Assume that we have the following dataset, where 's' stands for 'step'.
f1 f2 f3 f4 target
1 2 3 4 5
2 3 4 5 6
3 4 5 6 7
4 5 6 7 8
5 6 7 8 9
The model consists of 4 (time) steps. And it gives a single number as output (target). In the very first sample, the step1 input is 1, step2 input is 2, step3 input is 3, and step4 input is 4. And we will train a Sequence model (with RNN, LSTM, or whatever) which will then output "5" for this particular sequence. And the logic is the same in other samples as well.
I am concerned about how to divide such a dataset into train and dev sets. (Just ignore the test set for the time being.)
Alternative 1: Say that the first 3 samples make the train set and the following 2 samples make the dev set, as illustrated below.
Train set:
f1 f2 f3 f4 target
1 2 3 4 5
2 3 4 5 6
3 4 5 6 7
Dev set:
f1 f2 f3 f4 target
4 5 6 7 8
5 6 7 8 9
My concern is: If you look at the last train set sample ([3, 4, 5, 6], 7) and the first dev set sample ([4, 5, 6, 7], 8), you will see that 3 input steps are identical. (And there is a similar problem even with the other dev set sample.)

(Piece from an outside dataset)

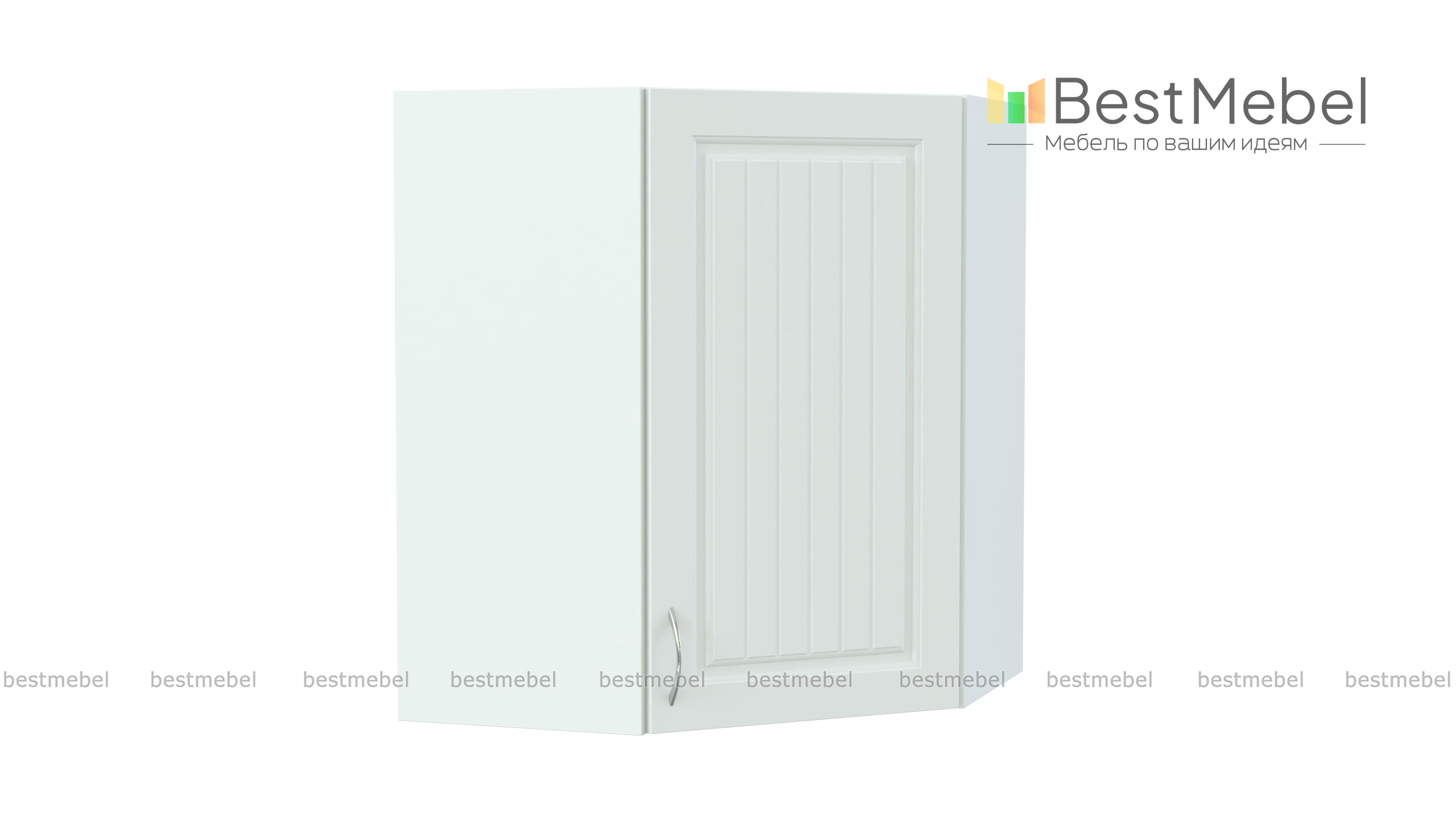 Шкаф навесной угловой Николь BMS выполнен в форме трапеции и отличается вместительностью и функциональностью. Модель выгодно использует угловое пространство кухни и предназначена для стыковки боковых модулей верхнего ряда. За распашной дверцей находится внутреннее отделение с полкой для хранения продуктов и кухонных аксессуаров. Фасады светлых тонов с фрезеровкой и ручкой под серебро станут частью элегантного комплекта в стиле кантри. Купить шкаф навесной угловой Николь BMS вы сможете по лучшей цене в нашем интернет-магазине.

Q1: Is that a problem that some input steps are identical? Or can we say that it should not matter just because (1) even if input steps are identical, they are used in different steps of the sequence and (2) target values are still different for each sequence example.
Q2: Wrt the problem above, how should the testset be created?
Yes, it doesn't matter because they are in different time steps, And the sequences are not identical. They have different targets also. So your model should definitely learn to predict the next character if you train your model well.